Consumers need not worry too much about eating rice contaminated with cesium, provided that the grain is polished and thoroughly washed before serving, according to a recent study.
Consumers need not worry too much about eating rice contaminated with cesium, provided that the grain is polished and thoroughly washed before serving, according to a recent study.
More than 70 percent of the cesium is removed after contaminated, raw rice is polished and washed repeatedly, according to the study, which was led by Keiko Tagami, a researcher at the National Institute of Radiological Sciences in Chiba.
“Even if a reading for raw rice showed tens of becquerels for cesium, the contamination will be reduced to less than one-third of the original level when polished and washed,” Tagami said. “Consumers should be reassured of the safety of eating rice.”
The study compared cesium levels contained in two samples of rice harvested in Fukushima Prefecture after washing them to the point the water runs clear.
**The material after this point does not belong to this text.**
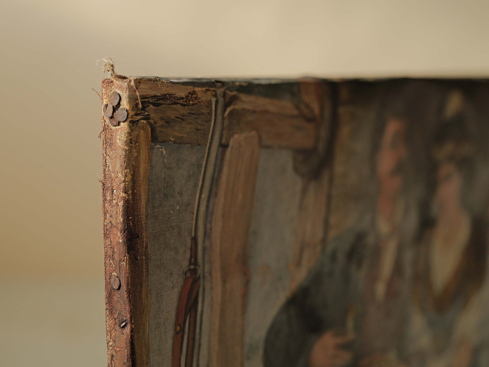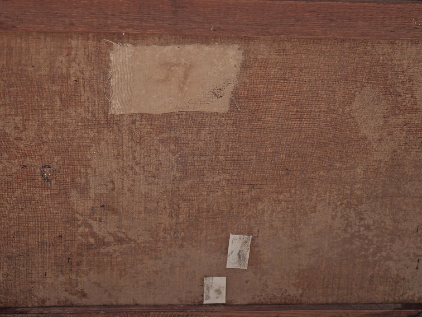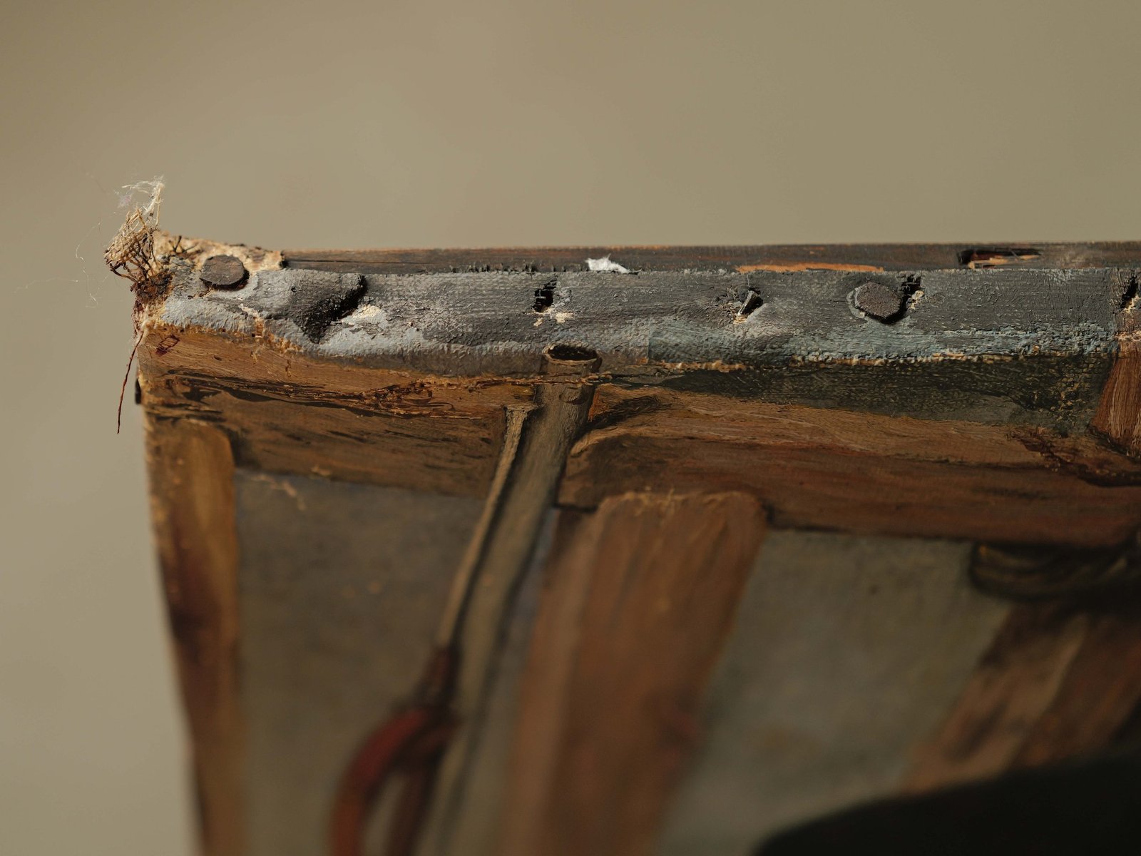 Die Originalleinwand ist auf einen alten hölzernen Keilrahmen aufgezogen und weist eine patinierte Rückseite, eine horizontale Stützleiste und Spuren früherer Restaurierungen auf.

The samples are unpolished rice with a reading of about 200 becquerels per kilogram and rice polished to 82-98 percent, which means 2-18 percent of the grain has been removed.
The study showed that 73 percent of cesium was removed from rice that was polished to 91 percent, a polish level typical of rice circulated in the market.
Cesium levels remained largely unchanged even if rice was polished to less than 90 percent of the original size.
Tagami said that washing milled rice thoroughly could cut health risks. The government study of cesium contamination involved husked rice.
The government will introduce a new safety limit of 100 becquerels per kilogram of rice in April, down from 500 becquerels as a provisional limit.
The findings of the study were presented to a conference on radiation in the environment in Tsukuba, Ibaraki Prefecture, on Feb. 27.